I don't think that is sufficient either. You need to mix the malloc/free with the other work, because the other work knocks your allocator data structures out of cache and pollutes your TLB and branch predictor. And loads up the dram interface (eg by the gpu fetching data from it). Etc etc.
I would have measured the time directly inside of the Doom allocator and the OP could produce the same charts directly from the measured data without replaying the allocation log.
And IF I were going to collect that data, I'd grab the call stack as well to see where the allocations were coming from. There might be a chance to retro fit an arena allocator, but would think Carmack code is already probably optimal? Yes it is, for the reason we can even have this discussion about it.
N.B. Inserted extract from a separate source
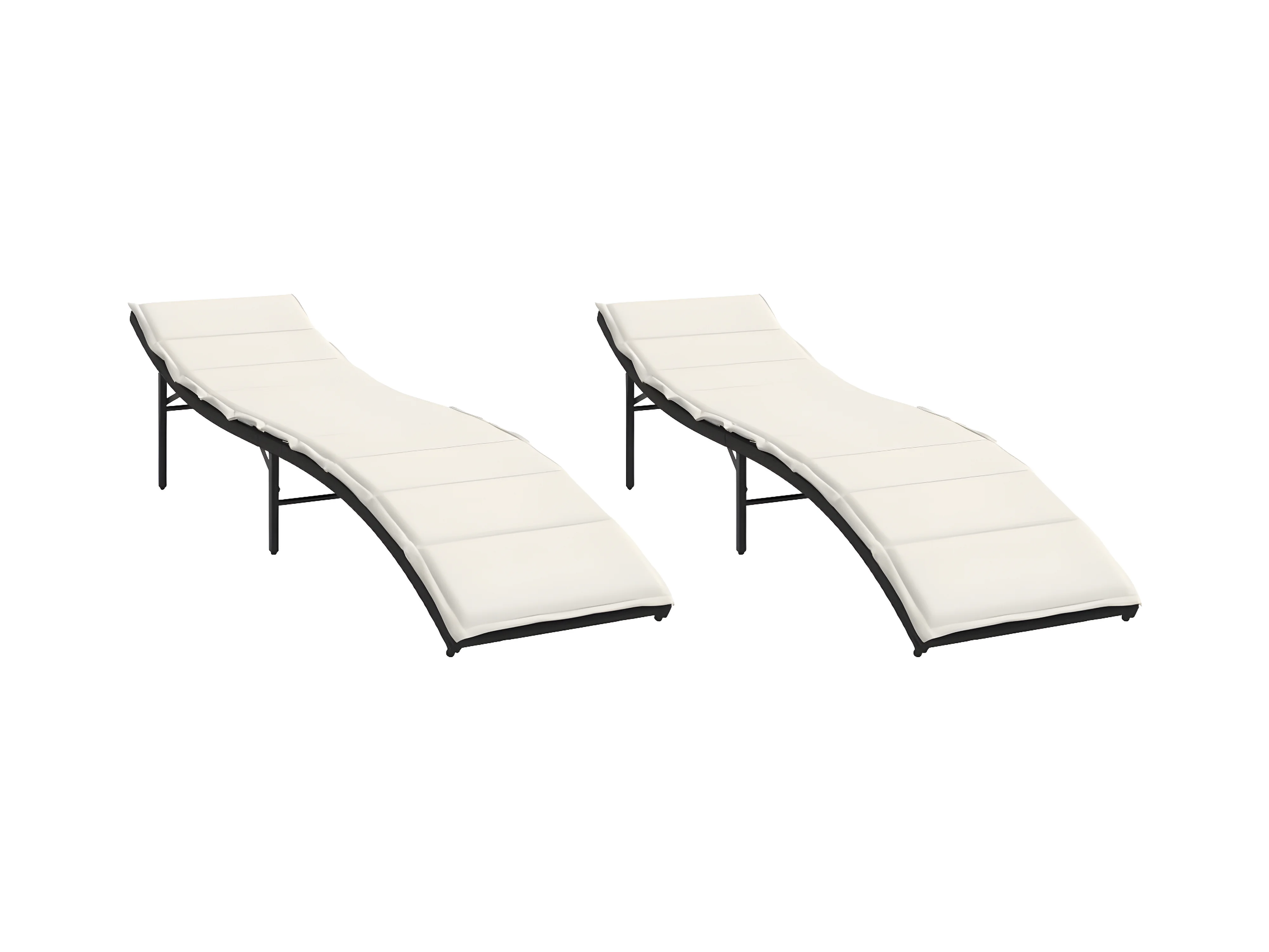 Lot de 2 Bains de soleil avec coussins noir résine tressée FR81611

The other change I would make to the experiment, is to have the traces be taken from a timedemo and not via regular gameplay so that hypothesis can be tested. At the very least, one could precisely time the impact of instrumentation.
> I would have measured the time directly inside of the Doom allocator
Exactly! The author already has all the infra necessary (rdtsc for each call). Measuring time inside the game would be more accurate and simpler. Why did the author do things this way? I must be missing something.
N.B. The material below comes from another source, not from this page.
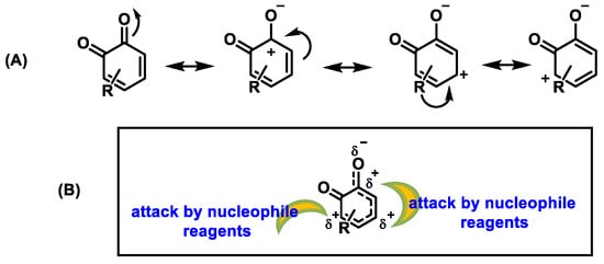 (A) Resonant forms of o-quinones. (B) Positions in o-quinones attacked by nucleophiles.
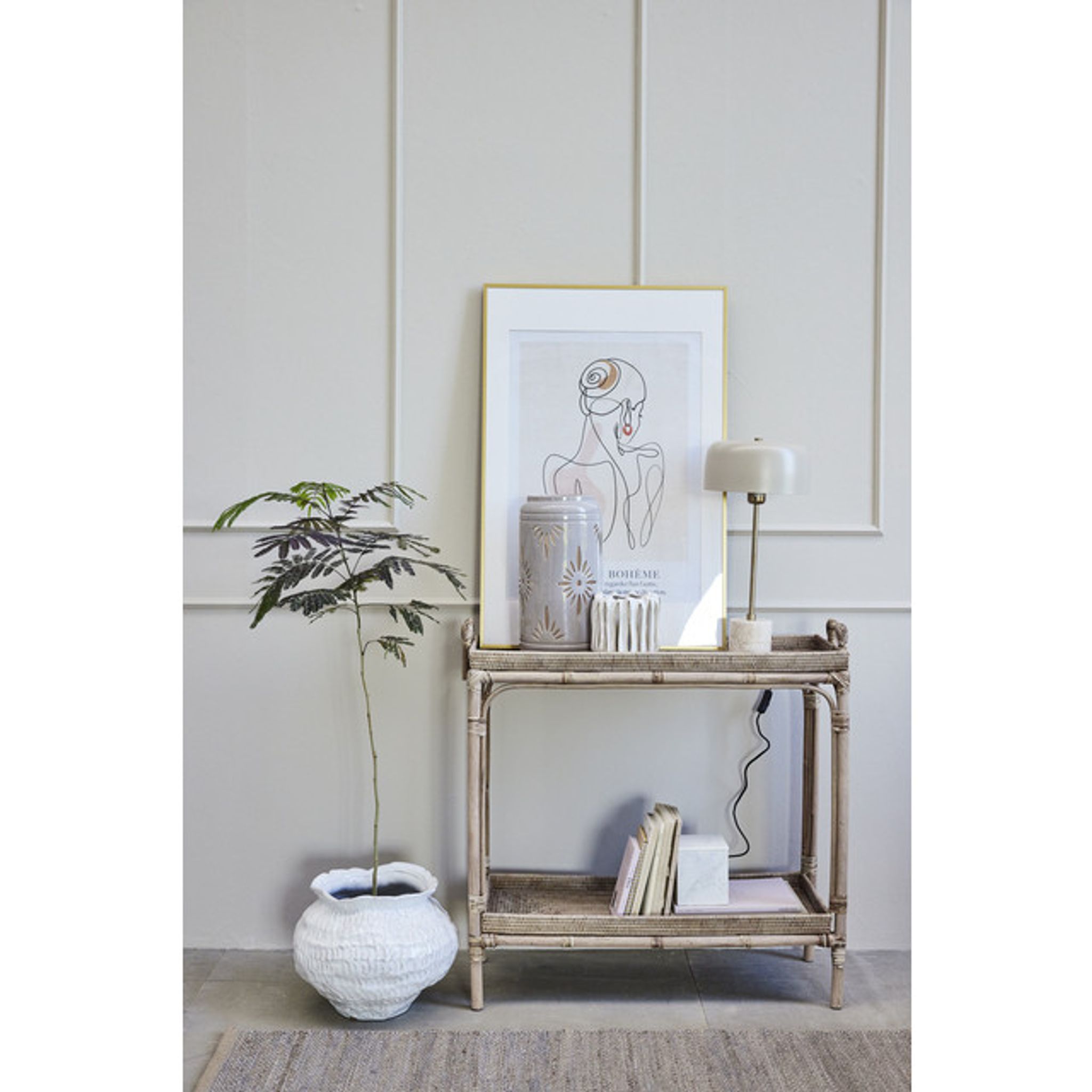 Detta handvävda konsolbord i naturlig rotting från Lene Bjerres Norah-serie är ett enkelt och praktiskt tillskott i hemmet. Som konsolbord eller sidobord passar det i hallen, vardagsrummet eller en smal korridor och ger dig en avlastningsyta för nycklar, post eller dekor som växter och lampor.

(By the way, the author even seems to know about this issue since they added code that simulates using the allocated blocks (touching one byte for every allocated 4k), but that does not feel like it's nearly enough.)
> grab the call stack as well
Maybe this part could be done with no code with VTune / Linux perf? Sure, those only gather stochastic measurements (so not ideal for the original latency measurement). But to get a rough idea of where the costly allocations come from, it could be an easy way.
> Why did the author do things this way? I must be missing something.
Likely because it's easier to test against different allocators with a small replay tool than it is to try and get Doom3 to compile against dlmalloc, jemalloc, mimalloc, rpmalloc and tlsf.
I would also bet that getting the game to perform the exact same series of allocations would be an intractable problem to solve. I don't think Doom 3 has a benchmark mode; the author just recorded themselves loading the game, loading a level, doing a bit of gameplay, etc.
Carmack is a great empiricist, meaning he pays a lot of attention to how things work in a running system. All of his engines provide rich facilities for record and replay as well as running benchmarks.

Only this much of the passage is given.